#### PROBLEM DESCRIPTION:
Below are records that should be duplicated exactly, with no image retained.

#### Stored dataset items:
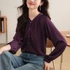 Camisa Roxa de Cetim com Gola Redonda para Mulheres 2024 Novo Estilo Início da Primavera Pequeno Look Emagrecedor Camisa Cobrindo o Corpo Top Fino Solto
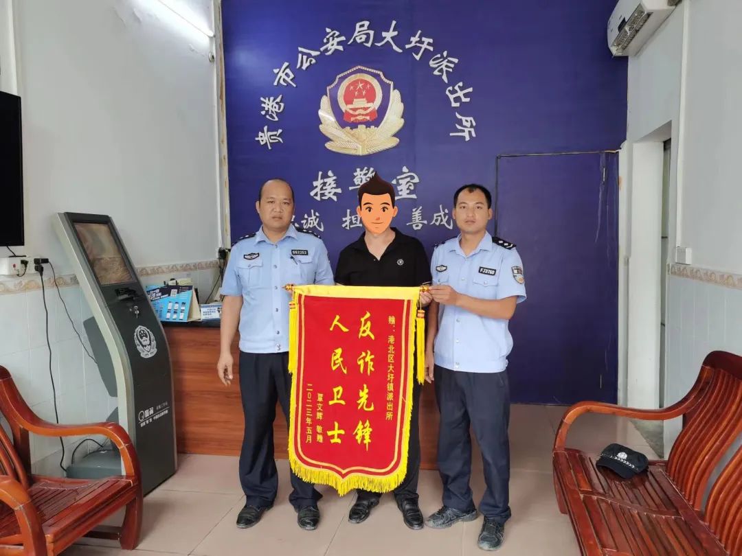5月21日,群众覃先生拿着一面写着“人民卫士,反诈先锋”的锦旗走进大圩派出所送到民警手中,感谢大圩派出所快速反应、紧急止付,为其挽回经济损失6000元。
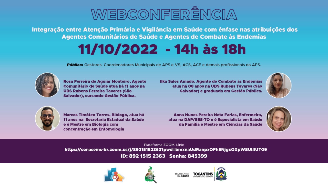 Além dos ACE e ACS a webconferência é destinada aos gestores, coordenadores municipais de atenção primária e de vigilância em saúde de todo o Tocantins.  A transmissão será feita pela plataforma Zoom, através do link  https://conasems-br.zoom.us/j/89215152363?pwd=bmxnaUdRanpxOFh5NjgxQXpWSUl4UT09, ID: 892 1515 2363 e senha: 845399. E, também terá transmissão simultânea no Canal da Saúde no YouTube, por meio do link: https://www.youtube.com/channel/UCDu1wzoAee_wBI0faP_43Vg
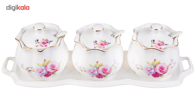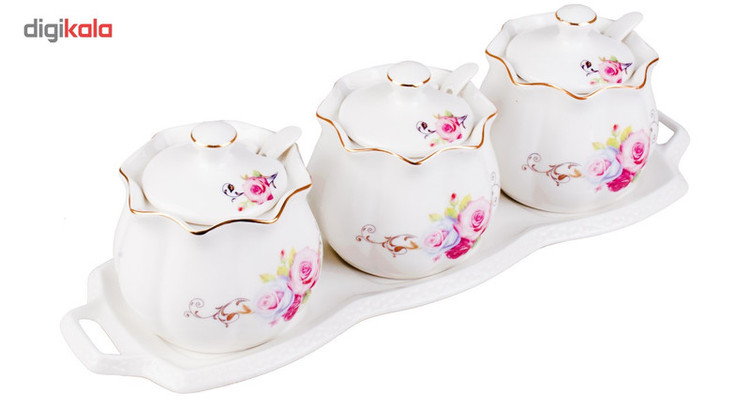 ست سه تایی همراه با سینی دارای درب سرامیکی به همراه قاشق سرامیکی مناسب جهت استفاده در تزیین دکوراسیون آشپزخانه طراحی منحصربه فرد مناسب برای نگهداری چای خشک ، قهوه و انواع ادویه دارای جعبه کادویی زیبا مناسب جهت هدیه دادن به عزیزانتون
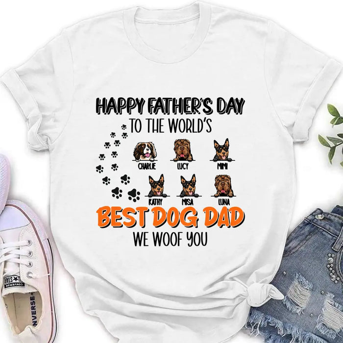 Personalized Best Dog Dad T-shirt/Long Sleeve/Sweatshirt/Hoodie - Up to 6 Dogs - Gift Idea For Dog Lovers - Happy Father's Day To The World's Best Dog Dad We Woof You
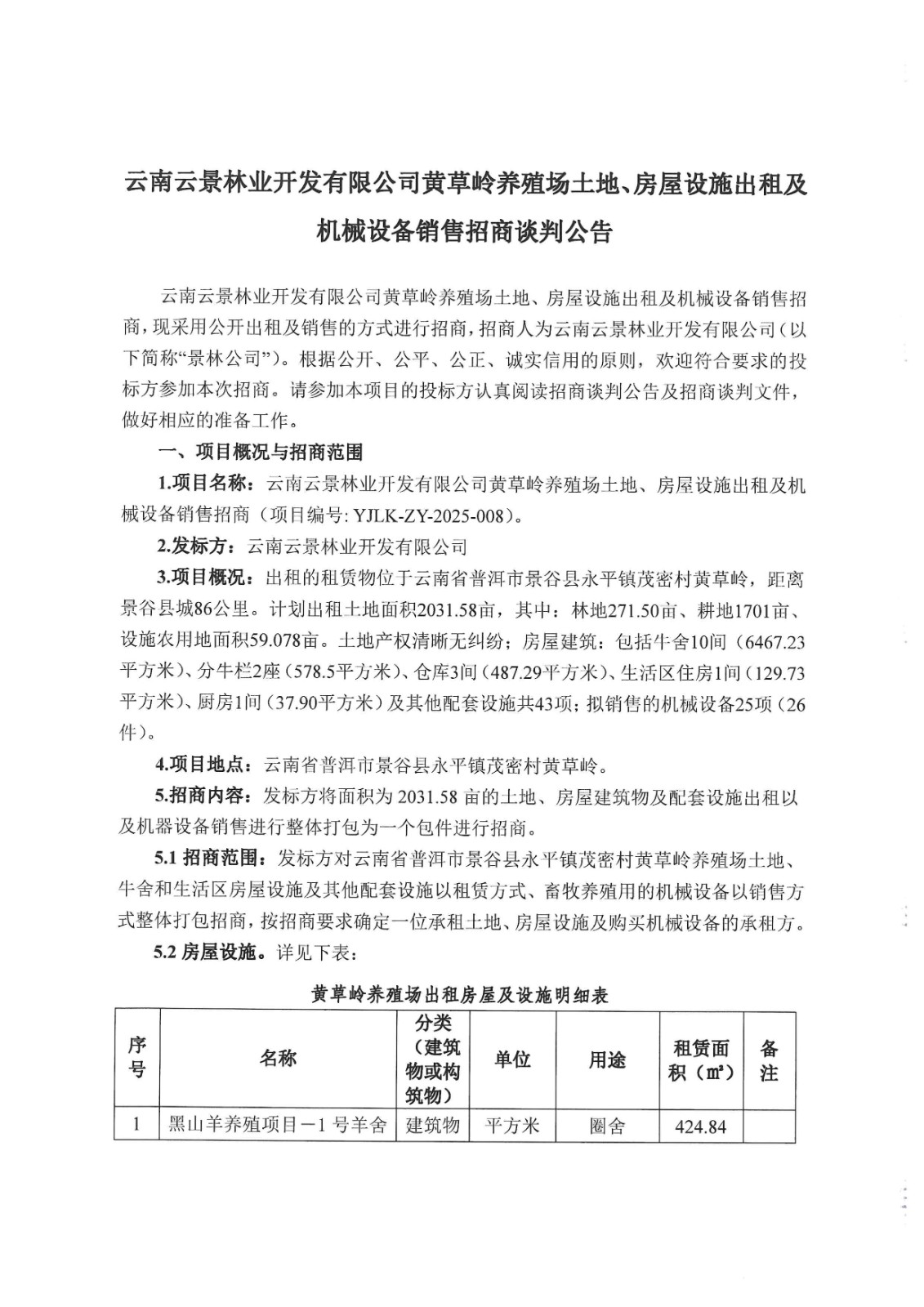 云南云景林業(yè)開發(fā)有限公司黃草嶺養(yǎng)殖場土地、房屋設(shè)施出租及機械設(shè)備銷售招商談判公告
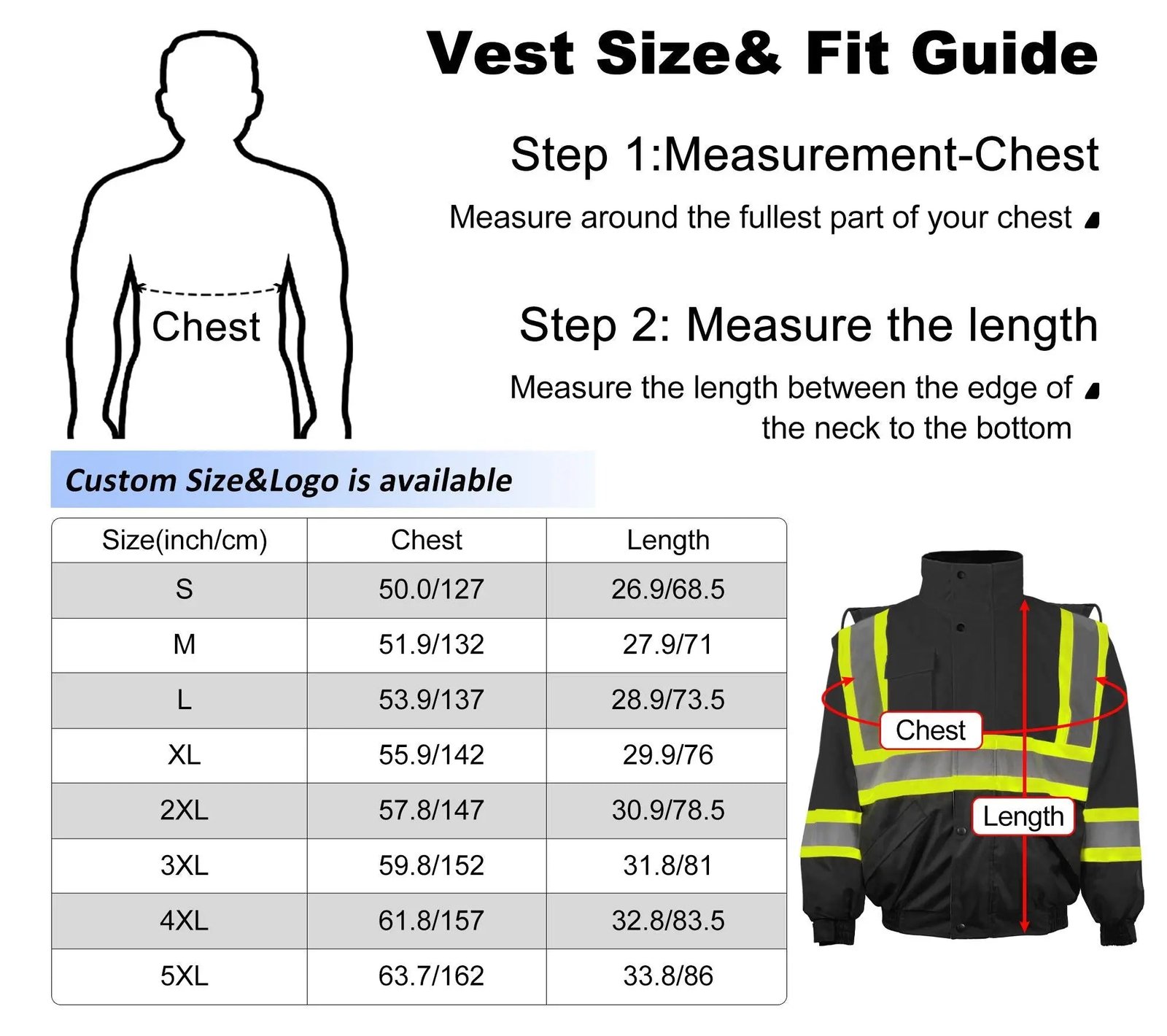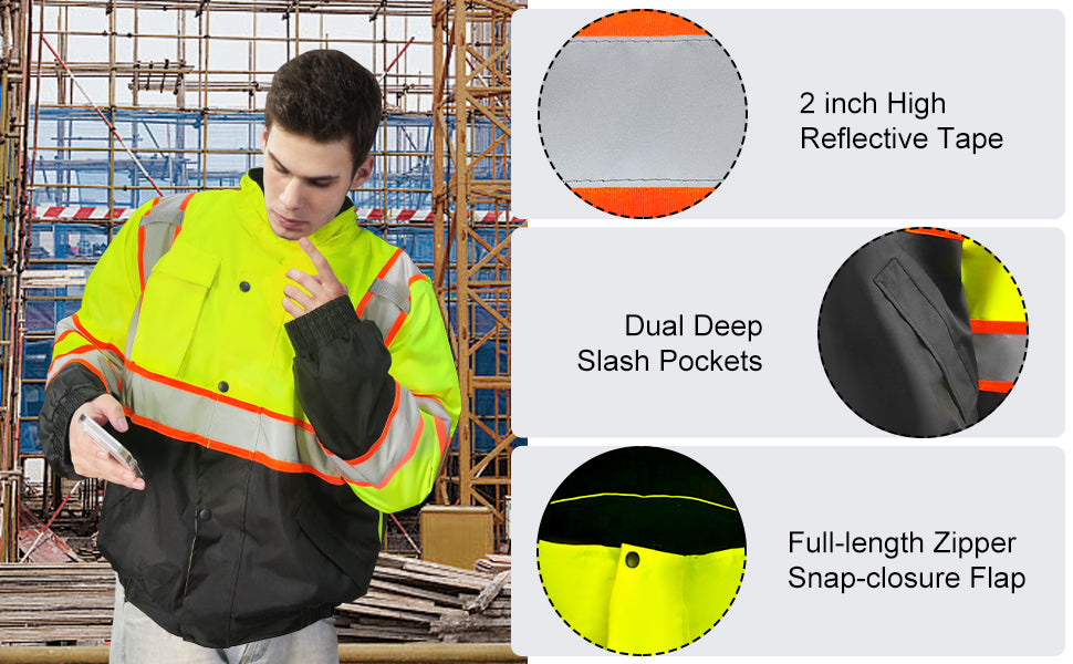 • Reflective Strips: 2 vertical and 1 horizontal reflective strips with 2“ width on both front and back for maximum visibility in all weather and light conditions.
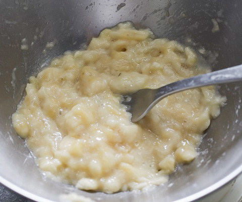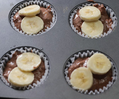 ①のボウルに③を入れて、泡だて器で混ぜて粉っぽさがなくなったら型に入れて、バナナ(トッピング)を輪切りにしてのせ、170℃20分焼きます。
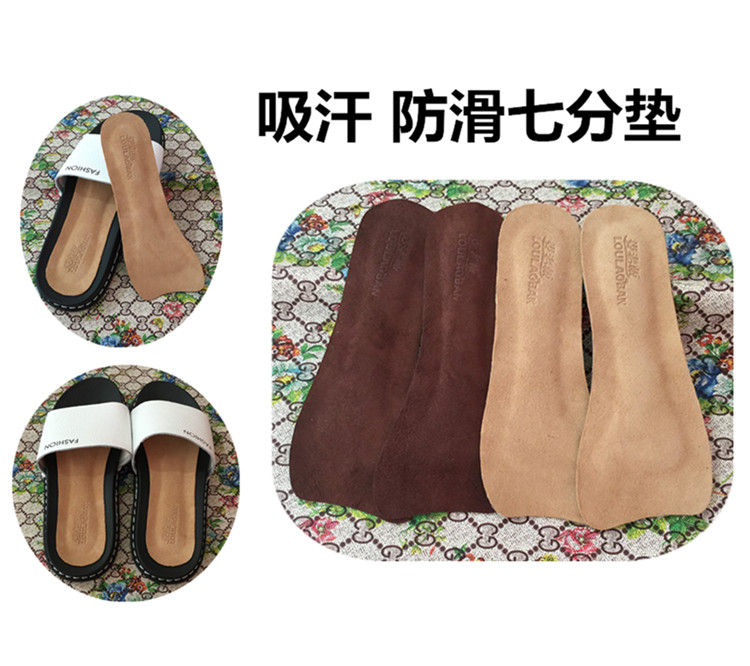 春季女豬皮汗腳半碼墊涼鞋防滑吸汗透氣可貼超薄七分真皮黑白色墊
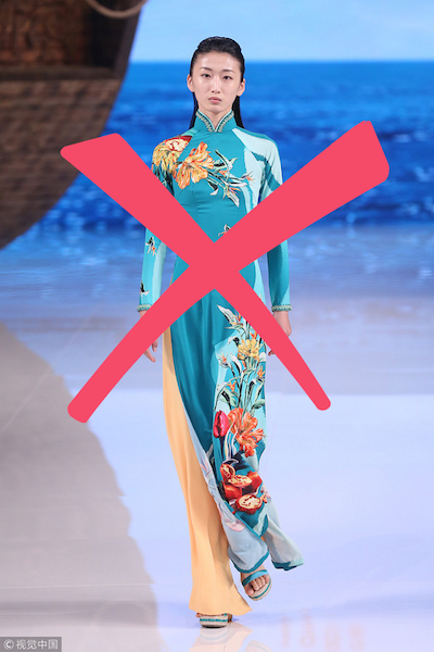 Nhà thiết kế Trung Quốc ăn cắp mẫu áo dài của Việt Nam. Trơ trẽn hơn còn gọi đó là sáng tạo mới, "phẩm giá của trang phục truyền thống Trung Quốc".
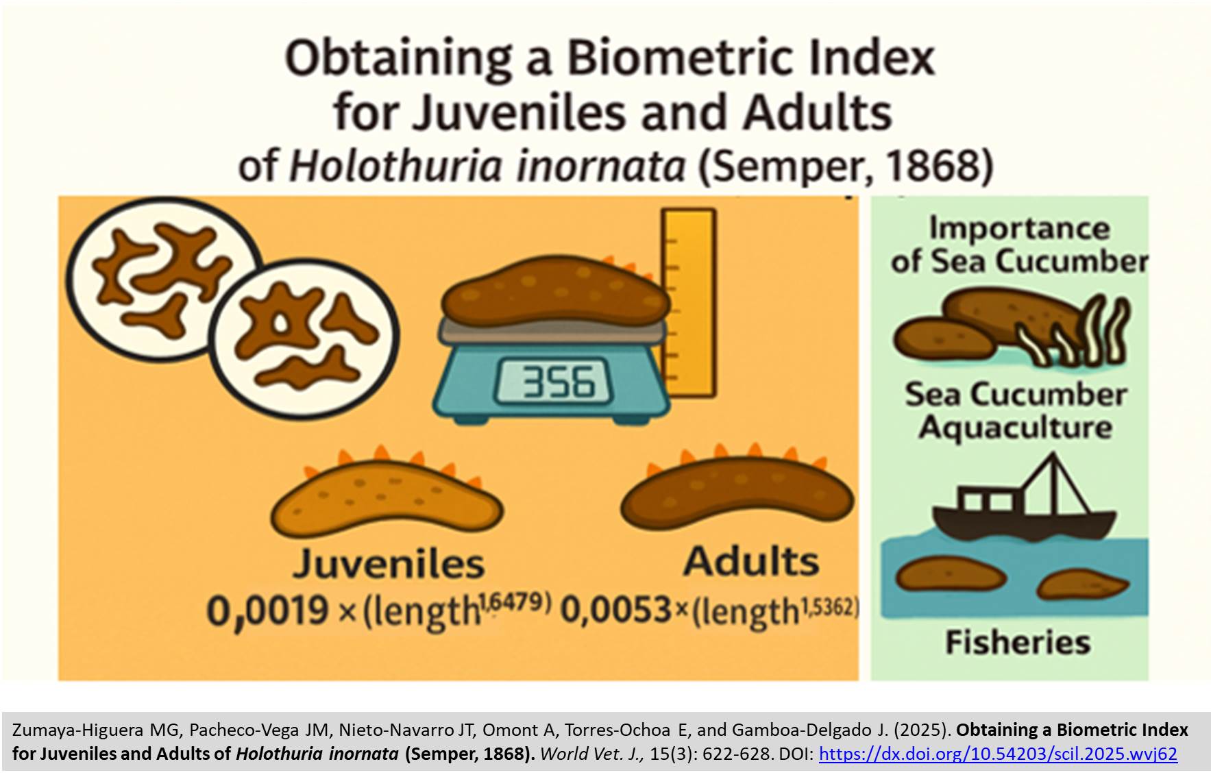 ABSTRACT: The sea cucumber Holothuria inornata (H. inornata) is a species at risk in Mexico. To help protect this species, it is important to provide information related to biological and fisheries management. The present study aimed to predict the weight of the sea cucumber (H. inornata) using biometric measurements such as wet weight and dry weight. A total of 267 H. inornata were manually collected from El Borrego Beach in the municipality of San Blas, Nayarit, Mexico. Species identification involved characterizing calcareous ladders. Each specimen was sedated using xylazine 10%, and measurements were taken out of water with a digital scale. Multiple linear regressions were performed, with size serving as the independent variable and wet weight, dry weight, and humidity percentage as dependent variables. A general equation was developed to predict the wet weight of the H. inornata at the juvenile stage. For correlations based on dry weight, the following equations were established. In immature adults, including dry weight, the equation was 0.0019 × (length^1.6479); and in mature adults, including dry weight, it was 0.0053 × (length^1.5362). The biometric parameters used for weight estimation exhibited a high degree of correlation with actual weight. Wet weight was the biometric parameter that showed the best fit among the studied parameters. Utilizing these biometric indices facilitates the recording of wet and dry weights for interested parties, thereby supporting population and biomass evaluations within the H. inornata fishery and aquaculture sectors.

#### ANSWER FOR THE TASK:
 Camisa Roxa de Cetim com Gola Redonda para Mulheres 2024 Novo Estilo Início da Primavera Pequeno Look Emagrecedor Camisa Cobrindo o Corpo Top Fino Solto
5月21日,群众覃先生拿着一面写着“人民卫士,反诈先锋”的锦旗走进大圩派出所送到民警手中,感谢大圩派出所快速反应、紧急止付,为其挽回经济损失6000元。
 Além dos ACE e ACS a webconferência é destinada aos gestores, coordenadores municipais de atenção primária e de vigilância em saúde de todo o Tocantins.  A transmissão será feita pela plataforma Zoom, através do link  https://conasems-br.zoom.us/j/89215152363?pwd=bmxnaUdRanpxOFh5NjgxQXpWSUl4UT09, ID: 892 1515 2363 e senha: 845399. E, também terá transmissão simultânea no Canal da Saúde no YouTube, por meio do link: https://www.youtube.com/channel/UCDu1wzoAee_wBI0faP_43Vg
 ست سه تایی همراه با سینی دارای درب سرامیکی به همراه قاشق سرامیکی مناسب جهت استفاده در تزیین دکوراسیون آشپزخانه طراحی منحصربه فرد مناسب برای نگهداری چای خشک ، قهوه و انواع ادویه دارای جعبه کادویی زیبا مناسب جهت هدیه دادن به عزیزانتون
 Personalized Best Dog Dad T-shirt/Long Sleeve/Sweatshirt/Hoodie - Up to 6 Dogs - Gift Idea For Dog Lovers - Happy Father's Day To The World's Best Dog Dad We Woof You
 云南云景林業(yè)開發(fā)有限公司黃草嶺養(yǎng)殖場土地、房屋設(shè)施出租及機械設(shè)備銷售招商談判公告
 • Reflective Strips: 2 vertical and 1 horizontal reflective strips with 2“ width on both front and back for maximum visibility in all weather and light conditions.
 ①のボウルに③を入れて、泡だて器で混ぜて粉っぽさがなくなったら型に入れて、バナナ(トッピング)を輪切りにしてのせ、170℃20分焼きます。
 春季女豬皮汗腳半碼墊涼鞋防滑吸汗透氣可貼超薄七分真皮黑白色墊
 Nhà thiết kế Trung Quốc ăn cắp mẫu áo dài của Việt Nam. Trơ trẽn hơn còn gọi đó là sáng tạo mới, "phẩm giá của trang phục truyền thống Trung Quốc".
 ABSTRACT: The sea cucumber Holothuria inornata (H. inornata) is a species at risk in Mexico. To help protect this species, it is important to provide information related to biological and fisheries management. The present study aimed to predict the weight of the sea cucumber (H. inornata) using biometric measurements such as wet weight and dry weight. A total of 267 H. inornata were manually collected from El Borrego Beach in the municipality of San Blas, Nayarit, Mexico. Species identification involved characterizing calcareous ladders. Each specimen was sedated using xylazine 10%, and measurements were taken out of water with a digital scale. Multiple linear regressions were performed, with size serving as the independent variable and wet weight, dry weight, and humidity percentage as dependent variables. A general equation was developed to predict the wet weight of the H. inornata at the juvenile stage. For correlations based on dry weight, the following equations were established. In immature adults, including dry weight, the equation was 0.0019 × (length^1.6479); and in mature adults, including dry weight, it was 0.0053 × (length^1.5362). The biometric parameters used for weight estimation exhibited a high degree of correlation with actual weight. Wet weight was the biometric parameter that showed the best fit among the studied parameters. Utilizing these biometric indices facilitates the recording of wet and dry weights for interested parties, thereby supporting population and biomass evaluations within the H. inornata fishery and aquaculture sectors.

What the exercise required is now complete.